1. The Hieromartyr Clement was born in the Galatian city of Ancyra in the year 258, of a pagan father and a Christian mother. He lost his father when he was an infant, and his mother when he was twelve. She predicted a martyr’s death for him because of his belief in Christ.
A woman named Sophia adopted him and raised him in the fear of God. During a terrible famine in Galatia several pagans turned out their own children, not having the means to feed them. Sophia took in these unfortunates, and fed and clothed them.
Saint Clement assisted her in this. He taught the children and prepared them for Baptism. Many of them died as martyrs for Christ.
Saint Clement was made a reader, and later a deacon. When he was eighteen he was ordained to the holy priesthood, and at age twenty he was consecrated Bishop of Ancyra. Soon afterwards the persecution against Christians under Diocletian (284-305) broke out.
Bishop Clement was denounced as a Christian and arrested. Dometian, the governor of Galatia, tried to make the saint worship the pagan gods, but Saint Clement firmly confessed his faith and valiantly withstood all the tortures.
They suspended him on a tree, and raked his body with sharp iron instruments so that his entrails could be seen. They smashed his mouth with stones, and they turned him on a wheel and burned him over a low fire. The Lord preserved His sufferer and healed his lacerated body.
Then Dometian sent the saint to Rome to the emperor Diocletian himself, with a report that Bishop Clement had been fiercely tortured, but had proven unyielding.
Diocletian, seeing the martyr completely healthy, did not believe the report and subjected him to even crueler tortures, and then had him locked up in prison.
Many of the pagans, seeing the bravery of the saint and the miraculous healing of his wounds, believed in Christ. People flocked to Saint Clement in prison for guidance, healing and Baptism, so that the prison was literally transformed into a church. When word of this reached the emperor, many of these new Christians were executed.
Diocletian, struck by the amazing endurance of Saint Clement, sent him to Nicomedia to his co-emperor Maximian. On the ship, the saint was joined by his disciple Agathangelus, who had avoided being executed with the other confessors, and who now wanted to suffer and die for Christ with Bishop Clement.

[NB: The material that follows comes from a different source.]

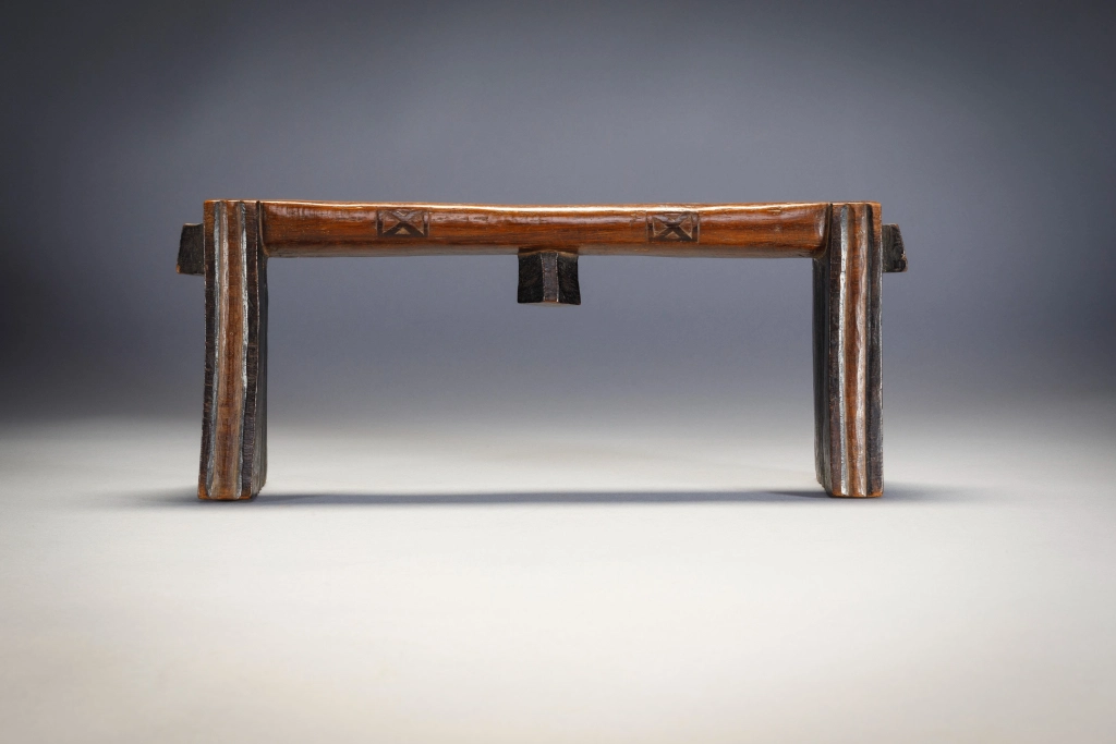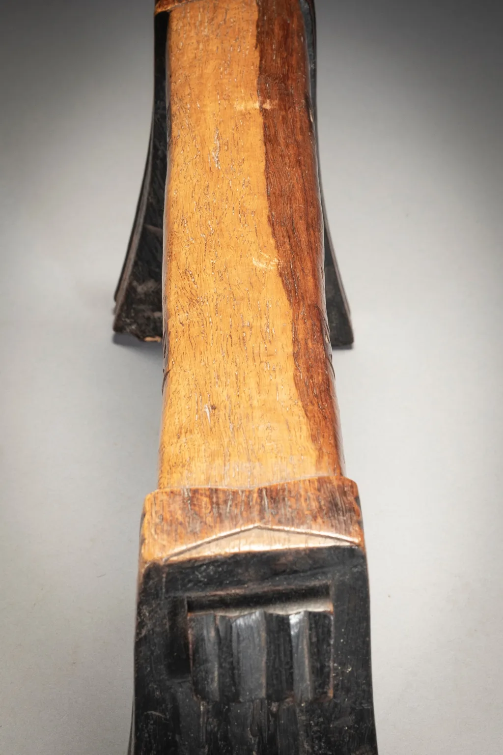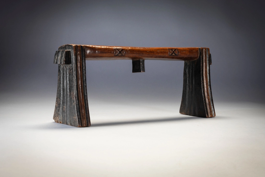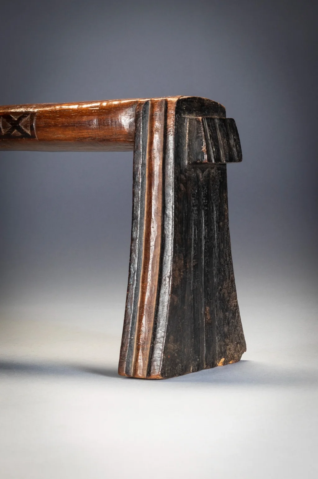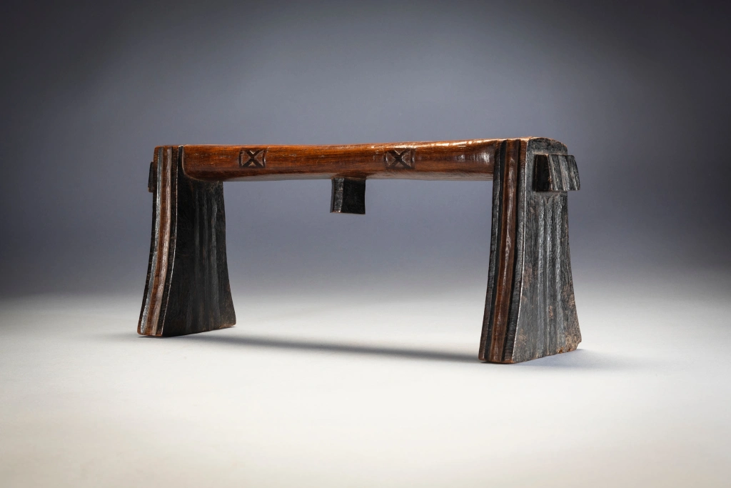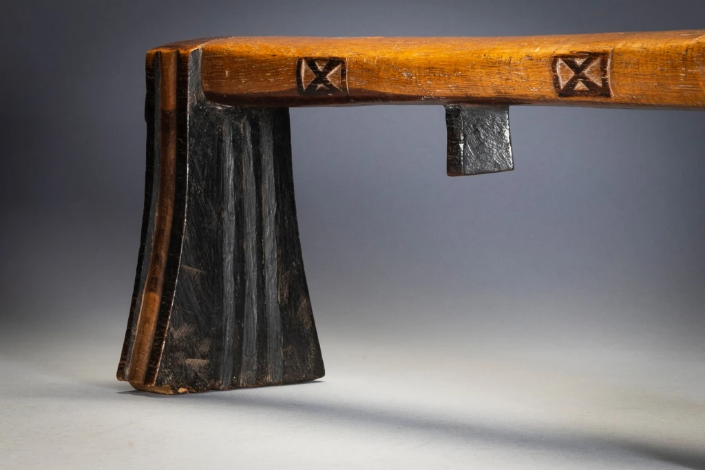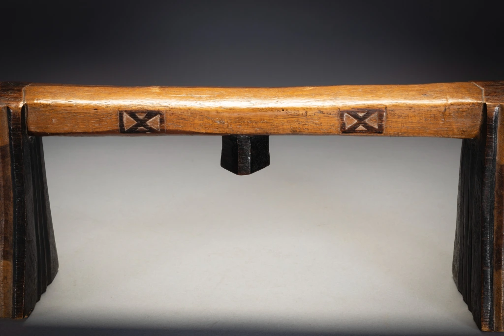 Cet appui-tête est d’une forme remarquable, avec des pieds fins et des oreilles à facettes, et est l’œuvre d’un sculpteur expérimenté. Il est décoré: de cannelures sur les pieds, de motifs en X sur les côtés de la plate-forme et d’oreilles angulaires jointes sur les plates-formes subtilement incurvées.Dans un cas comme celui-ci, il est intéressant de voir comment ils ne se sont pas usés avec le temps.Il s’agit d’un sicamelo d’âge moyen, dont les parties pyrogravées foncées ont commencé à s’user dans les zones les plus utilisées, et dont le bois de kiaat bicolore a commencé à acquérir une riche patine brillante.

The emperor Maximian in turn sent Saints Clement and Agathangelus to the governor Agrippina, who subjected them to such inhuman torments, that even the pagan on-lookers felt pity for the martyrs and they began to pelt the torturers with stones.
Having been set free, the saints healed an inhabitant of the city through the laying on of hands and they baptized and instructed people, thronging to them in multitudes. Arrested again on orders of Maximian, they were sent home to Ancyra, where the ruler Cyrenius had them tortured. Then they were sent to the city of Amasea to the proconsul Dometius, known for his great cruelty.
In Amasea, the martyrs were thrown into hot lime. They spent a whole day in it and remained unharmed. They flayed them, beat them with iron rods, set them on red-hot beds, and poured sulfur on their bodies.
All this failed to harm the saints, and they were sent to Tarsus for new tortures. In the wilderness along the way Saint Clement had a revelation that he would suffer a total of twenty-eight years for Christ. Then having endured a multitude of tortures, the saints were locked up in prison.
Saint Agathangelus was beheaded with the sword on November 5. The Christians of Ancyra freed Saint Clement from prison and took him to a cave church.
There, after celebrating Liturgy, the saint announced to the faithful the impending end of the persecution and his own martyrdom. On January 23, the holy hierarch was killed by soldiers from the city, who stormed the church.
The saint was beheaded as he stood before the altar and offered the Bloodless Sacrifice. Two deacons, Christopher and Chariton, were beheaded with him, but no one else was harmed.
2. The Sixth Ecumenical Council was convened by the emperor Constantine Pogonatos (668-685) at Constantinople in the year 681 to combat the Monothelite heresy. At it 171 holy Fathers were present, who affirmed the doctrine of two wills in Jesus Christ, the divine and the human.
This Council was followed by another Council in the year 691, called the Council of Trullo. This Council addressed certain practical matters, and 102 canons were promulgated.